MATERIAL FOR THIS EXERCISE:
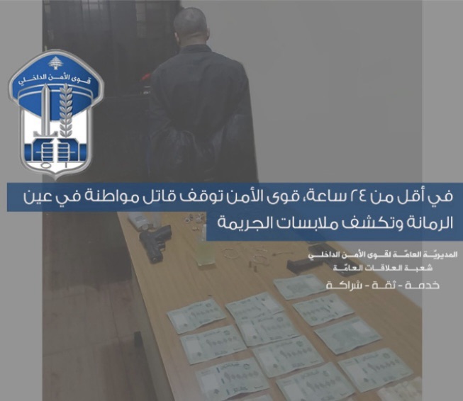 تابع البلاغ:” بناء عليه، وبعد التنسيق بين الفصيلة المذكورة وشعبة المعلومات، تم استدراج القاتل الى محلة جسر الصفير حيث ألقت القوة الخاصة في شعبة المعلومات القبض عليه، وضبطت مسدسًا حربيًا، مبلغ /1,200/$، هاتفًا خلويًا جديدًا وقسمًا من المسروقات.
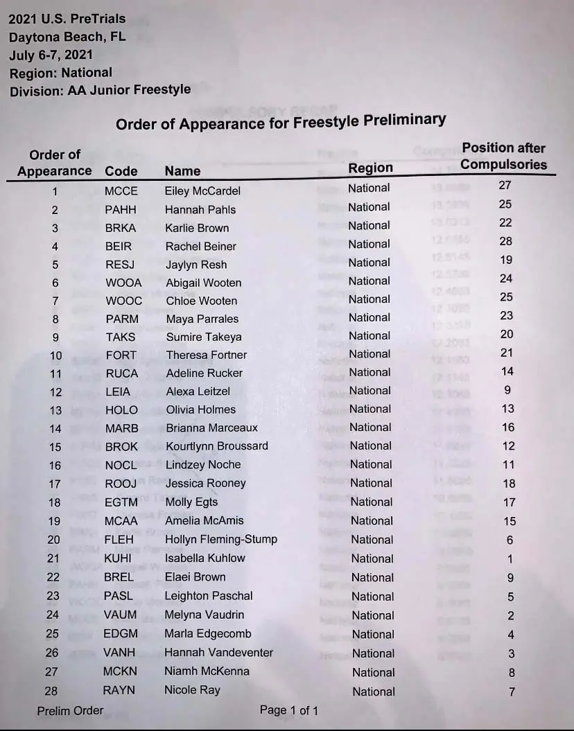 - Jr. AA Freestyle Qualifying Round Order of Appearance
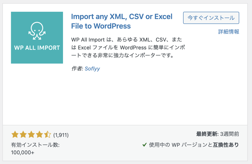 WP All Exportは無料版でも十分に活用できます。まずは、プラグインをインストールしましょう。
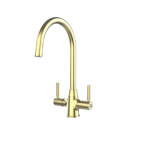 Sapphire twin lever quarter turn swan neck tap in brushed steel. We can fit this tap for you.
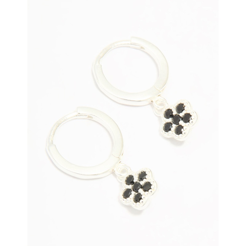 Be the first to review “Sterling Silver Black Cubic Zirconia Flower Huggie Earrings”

TASK: Leave out the pictures, and please output only the lines from the line that contains "Sapphire twin lever" through the end of the data, both ends included.

ANSWER TO THIS TASK:
 Sapphire twin lever quarter turn swan neck tap in brushed steel. We can fit this tap for you.
 Be the first to review “Sterling Silver Black Cubic Zirconia Flower Huggie Earrings”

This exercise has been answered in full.